Description: "Creates an IAM role for AWS Glue jobs to assume for Cohesity Backups" 

Resources: 

  AWSGlueServiceRole: 

    Type: AWS::IAM::Role 

    Properties: 

      RoleName: AWSGlueServiceRole 

      Path: /service-role/ 

      Description: Role for Glue jobs to assume for Cohesity Backups 

      ManagedPolicyArns: 

        - arn:aws:iam::aws:policy/service-role/AWSGlueServiceRole 

        - arn:aws:iam::aws:policy/AmazonS3FullAccess 

      AssumeRolePolicyDocument: 

        Version: "2012-10-17" 

        Statement: 

          - Effect: Allow 

            Principal: 

              Service: glue.amazonaws.com 

            Action: sts:AssumeRole 

      Tags: 

        - Key: UniqueTag 

          Value: cohesity 
Outputs: 

  RoleName: 

    Description: Name of the created IAM Role 

    Value: !Ref AWSGlueServiceRole 

  RoleArn: 

    Description: ARN of the created IAM Role 

    Value: !GetAtt AWSGlueServiceRole.Arn 

To run the CloudFormation Template:

  1. Log in to the AWS Management Console.

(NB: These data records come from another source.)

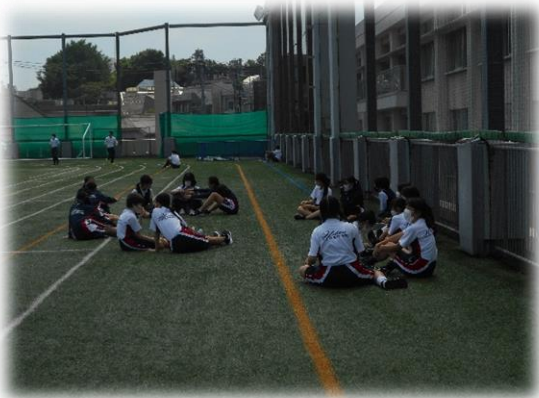
<輪になって日向ぼっこ？>

今日の昼休みの風景です。梅雨の合間の貴重な晴れになりました。金曜日と同じように給食後、校庭に出ています。暑い昼下がりでしたが、元気に走り回っている姿が見られました。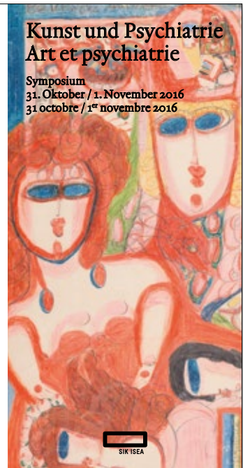
Abbildung: Aolise Corbax, Dans le Mantoux Impérial de Marie Stuart Médici (Ausschnitt), 1946, Farb- und Bleistift auf Papier, 58 x 49 cm, © Fondation Aolise, Chiguy, Foto: Collection de l'Art Brut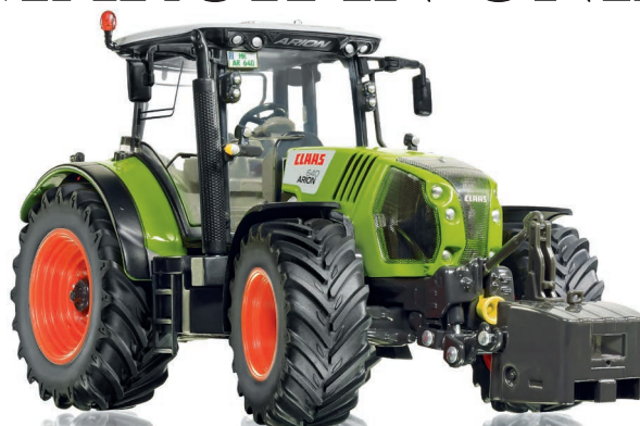
0773 24 Claas Arion 640 UVP 59,95 €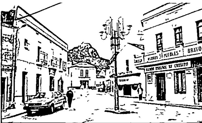
La Farola en el distrito de Peñarroya en los primeros años 90

la del centro, hay unos cuantos altares en los que la fe y la piedad han reunido un numero de imagenes algunas de bastante merito artistico. En la nave de la derecha hay un hermoso cuadro al oleo con "La Oracion del Huerto" y en el altar, el Corazon de Jesus, la Virgen del Carmen y Santa Lucia. Otro altar con la Puri-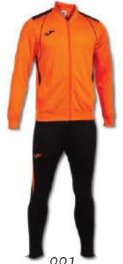
881 ORANGE/ BLACK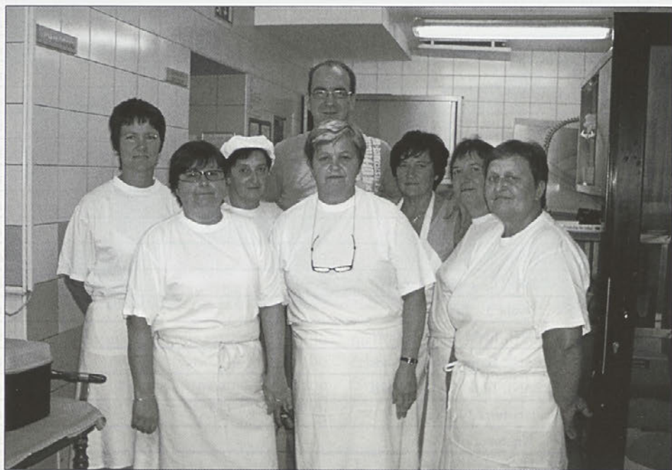
Ob pomoči spretnih rok so se Zavrčanke na Ptujju odlično znašle. Vse čestitke!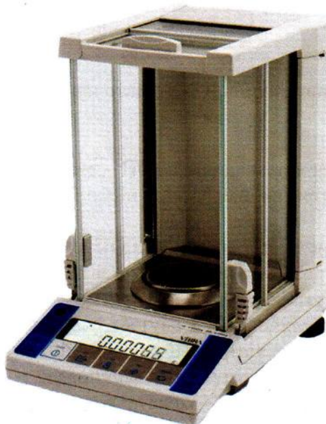
Рисунок 1 - Общий вид весов неавтоматического действия АФ.

Принцип действия весов основан на компенсации массы взвешиваемого груза электромагнитной силой, создаваемой системой автоматического уравнивания. Электрический сигнал, изменяющийся пропорционально массе взвешиваемого груза, преобразуется в цифровой код. Результаты взвешивания выводятся на дисплей.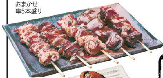
おまかせ 串5本盛り

"AKADORI" Chicken and Leek Skewer / 烤鸡肉大葱串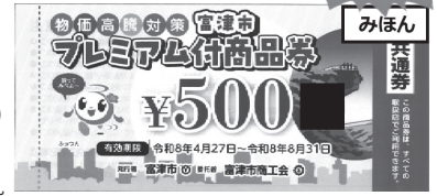
富津市プレミアム付商品券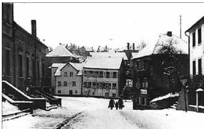
Blick vom Grubenweg auf Käsborn

Weitere Infos bei Dr. Harald Klein, Tel.: (0171) 7022129.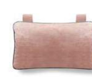
Cojín cabecera sillón con vivos / C. têteière fauteuil avec passepoils / Headrest pillow armchair with trims - 40x25 C19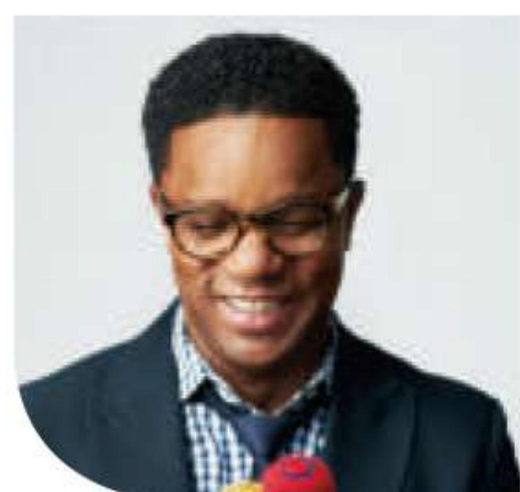
ステフオン・ハリス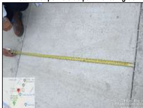
Vista de superficie de pavimento rígido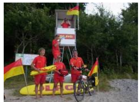
Wachmannschaft in Brodau.

Aber egal ob an der Küste oder am Binnensee, mit einem guten Team wird der Dienst am nächsten schnell zur großen Freude. NSch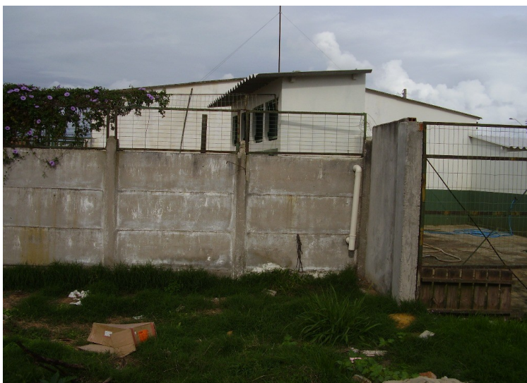
Cobertura das baias novas para filhotes

12 - Prolongar em 1,60 m a cobertura sobre as baias novas para filhotes, com mesmo modelo da telha existente e a colocação de 3 pilares de madeira de lei 10 x 7,5 cm, tipo "sanduiche" (duplado) sobre cantoneira "U" 3"x4"x4", espessura 1/4", galvanizada e fixada ao piso de concreto. Os pilares de madeira serão fixados às cantoneiras da base por meio de parafusos, porcas e arruelas galvanizados. Entre os pilares haverá uma viga também de madeira de lei 5x15 cm, comprimento 3,50 m. Os pilares e a viga receberão fundo fosco e pintura esmalte.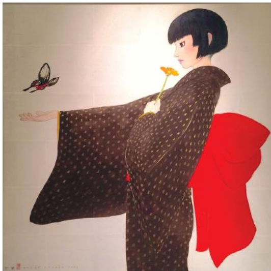
"Ageha" - tecnica mista su seta - 73 x 73 cm

Souske Onoike è un artista originario del Giappone. Soggetti prediletti nel lavoro artistico del pittore giapponese sono delicate figure femminile, avvolte nei tradizionali kimono: indumento caratteristico del Sol Levante che non esalta le curve del corpo, ma la grazia del portamento così come l'armonia e la delicatezza del gesto. In queste opere infatti il potere di fascinazione femminile non è usato in maniera maliziosa o istigatrice, ma come simbolo di una soave e casta sensualità, di una bellezza quasi sussurrata, che si coglie implicitamente in piccoli cenni, nelle pose eleganti o nei dolci sguardi. Nei dipinti di Souske Onoike, raffinatezza, armonia compositiva e delicatezze cromatiche si combinano con i caratteri tipici della pittura giapponese, grazie ai quali è possibile cogliere tutto il fascino e l'essenza di un Paese ancora oggi abitato dalla tradizione e nel quale ogni istante si veste di un silenzio quasi rituale.

  2. Navigate to All services and select CloudFormation.

  3. Click Create stack > With new resources (standard) to create a stack using the downloaded CloudFormation Template.

  4. In the Prerequisite - Prepare template page, select Upload a template file.

  5. Click Choose File to browse the JSON CloudFormation Template.

  6. Click Next.

  7. Provide a Stack name. The stack name can include letters (A-Z and a-z), numbers (0-9), and dashes (-).

  8. Click Next.

  9. Retain all the default stack configuration options and click Next.

  10. On the Review page, select the checkboxes that need to be acknowledged and click Create stack.